START Data provided
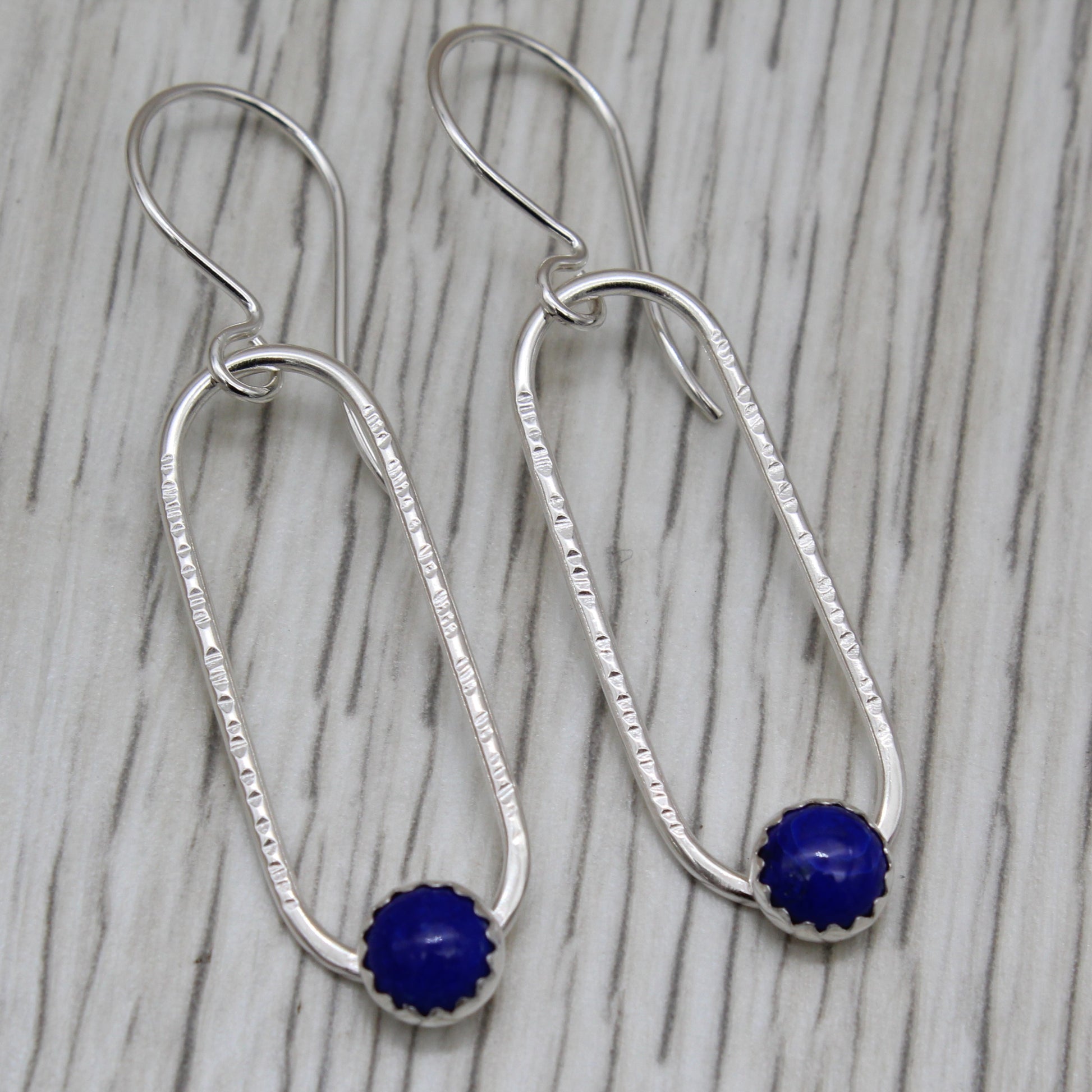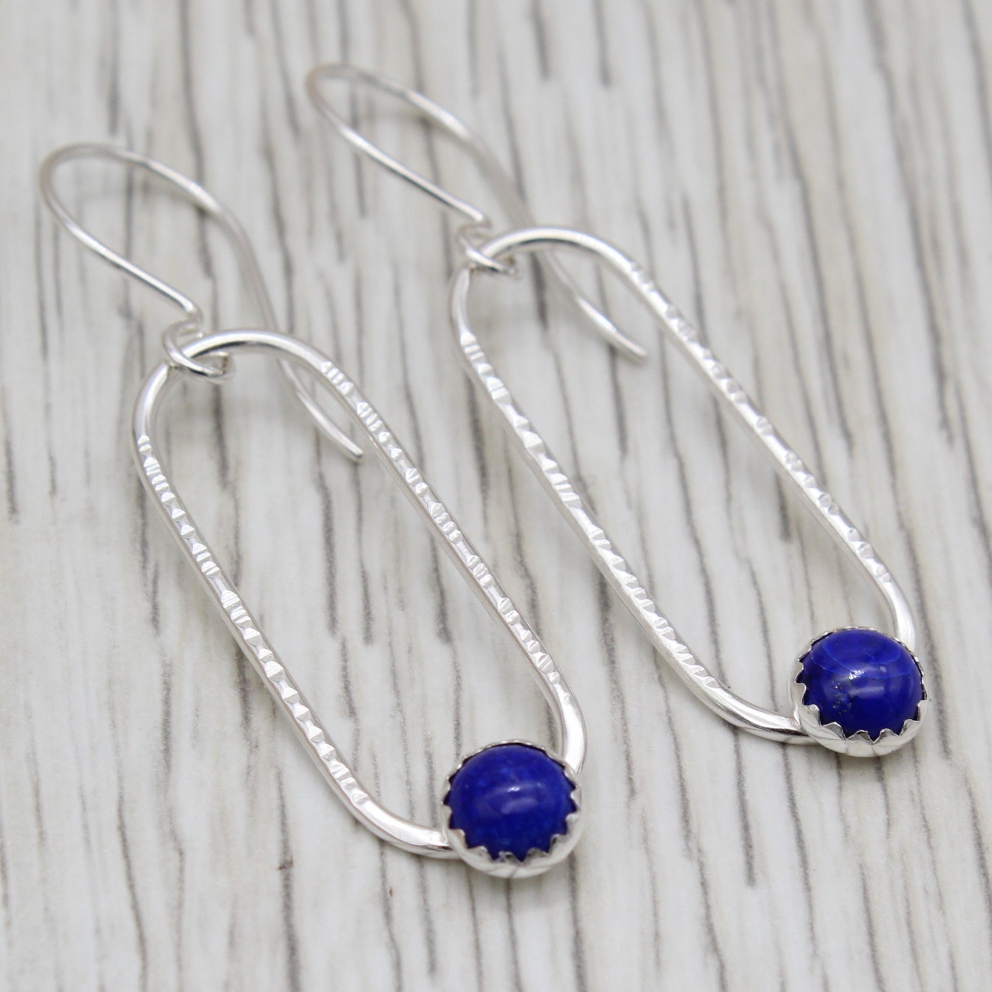 Let your style reach for the stars with these handmade lapis lazuli earrings. A stunning 6mm lapis lazuli stone—rich with celestial blues and golden flecks—rests in a fine silver bezel, soldered onto textured sterling silver ovals that shimmer with every movement. The hand-hammered details give these beauties genuine character and soul. Effortlessly chic and endlessly fun, they're made to be loved and worn.
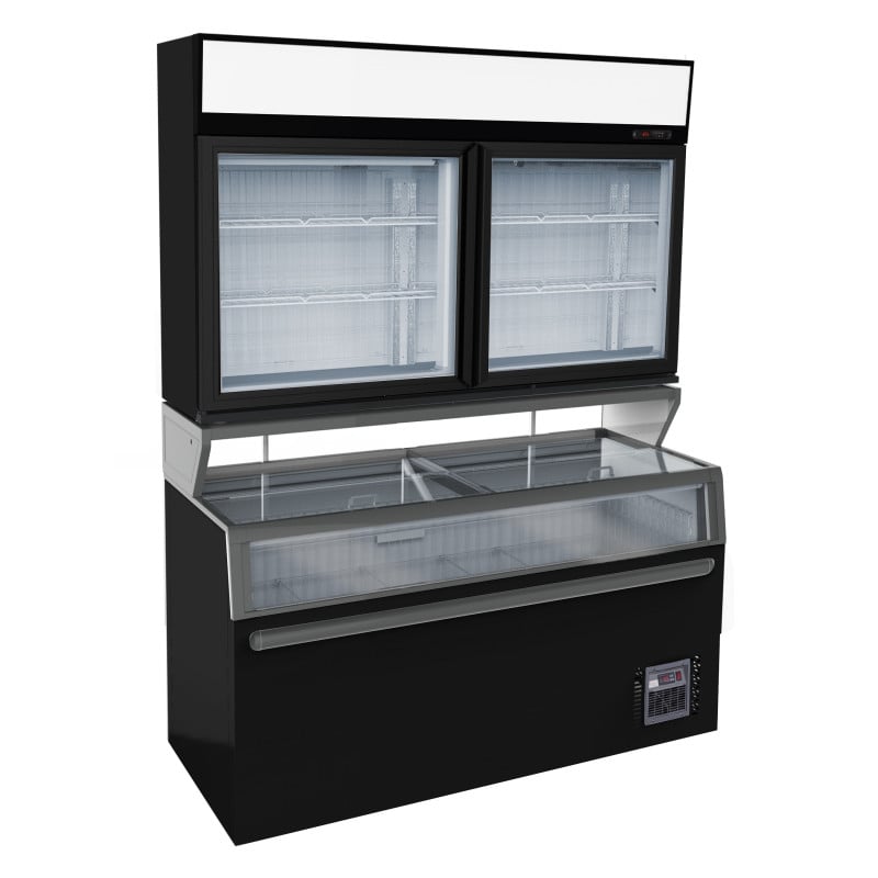 Die schwarze Supermarkt-Kühlvitrine 627 L vereint Eleganz, Funktionalität und Leistung und bietet eine ideale Lösung für Gastronomieprofis, insbesondere Caterer, die ihre Produkte unter besten Bedingungen präsentieren und gleichzeitig ihre Frische bewahren möchten. Mit einem Fassungsvermögen von 627 Litern und einem belüfteten Kühlsystem hält diese Vitrine eine konstante Temperatur zwischen 0 und 4°C und sorgt so für eine optimale Konservierung von Fleisch, Käse und zubereiteten Gerichten.
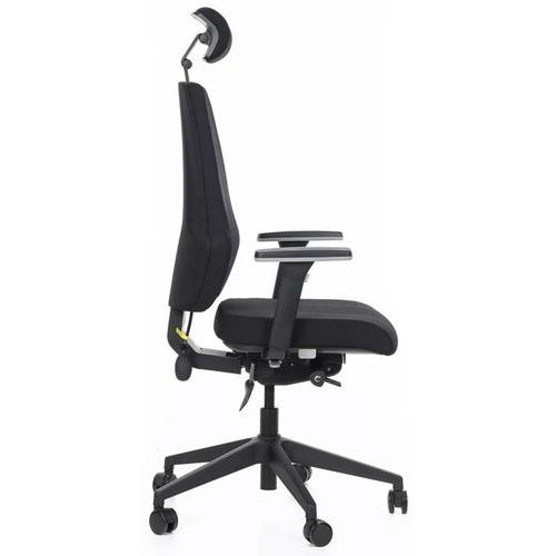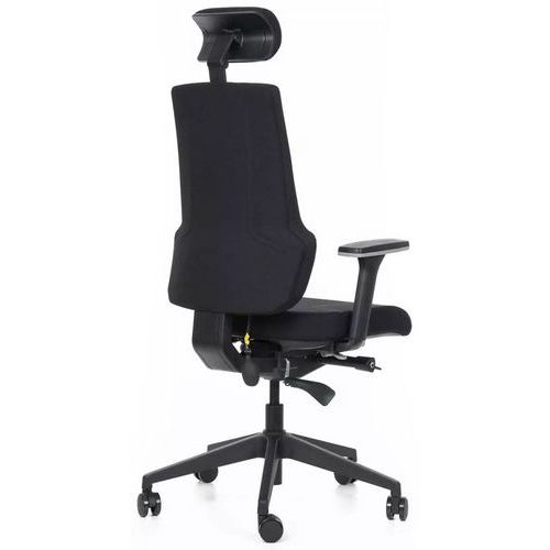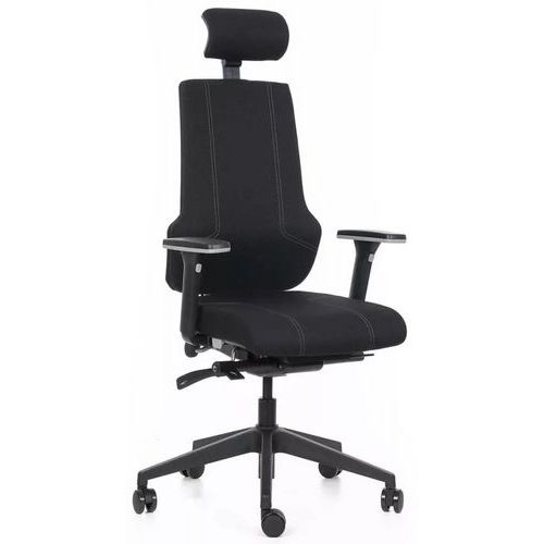 Ergonomiczny fotel biurowy z wyposażeniem ułatwiającym długotrwałą pracę w pozycji siedzącej.
END Data provided
Exercise description: Repeat the line that contains "Die schwarze Supermarkt-Kühlvitrine" and each line after it, through the last line of the listing, exactly and alone; pictures stay out of the repeat.

Reply to the exercise:
 Die schwarze Supermarkt-Kühlvitrine 627 L vereint Eleganz, Funktionalität und Leistung und bietet eine ideale Lösung für Gastronomieprofis, insbesondere Caterer, die ihre Produkte unter besten Bedingungen präsentieren und gleichzeitig ihre Frische bewahren möchten. Mit einem Fassungsvermögen von 627 Litern und einem belüfteten Kühlsystem hält diese Vitrine eine konstante Temperatur zwischen 0 und 4°C und sorgt so für eine optimale Konservierung von Fleisch, Käse und zubereiteten Gerichten.
 Ergonomiczny fotel biurowy z wyposażeniem ułatwiającym długotrwałą pracę w pozycji siedzącej.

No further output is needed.